«No gracias, yo puedo sola,» podría ser el emblema de mi escudo personal. La ilusión de la independencia es uno de mis espejismos más deseados. Recientemente quedó totalmente hecha añicos. Sin poder usar una mano, sin poder manejar, sin poder levantar a mis hijos, escribir bien, ¿qué otro camino me quedaba más que aceptar ayuda?
Me cuesta mucho dejar que alguien más haga cosas por mí. Detesto los trabajos en grupo y no sé delegar. Probablemente es producto de ser hija única. O porque no me gusta depender de alguien más. O porque soy desconfiada. O porque me da alergia deberle algo a alguien.
Cuando recibimos ayuda, quedamos en cierta forma en deuda con la otra persona. Aceptamos un lado débil, diciendo que no podemos hacer algo. Nos abrimos a la realidad de necesitar de alguien más. O sea, nos declaramos humanos que vivimos en sociedad.

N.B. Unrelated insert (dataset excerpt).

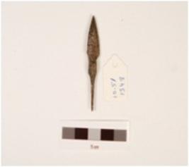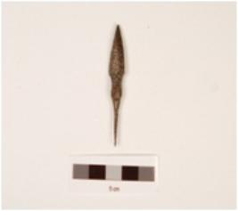 | Description / विवरण | A fragment of iron arrow head, with tang, diamond shaped surface with pointed top, narrow from middle, round thin tang with pointed end, polished, ridge on surface. |

Todos, en más de alguna ocasión, dependemos de otra persona. Hasta donde yo sé, no cultivamos nuestra comida, ni tejemos nuestra ropa. Compartimos espacio y tiempo con el resto de personas en el mundo, en especial con las que convivimos. Hasta se podría decir que la marca de una buena relación es la cooperación exitosa.
Es tan malo depender totalmente de alguien más, como negar la necesidad de ser apoyado.
Ya puedo usar(ish) las dos manos. Y tengo la tentación de volver a decir «no gracias». Espero poder sacar un «sí», más seguido.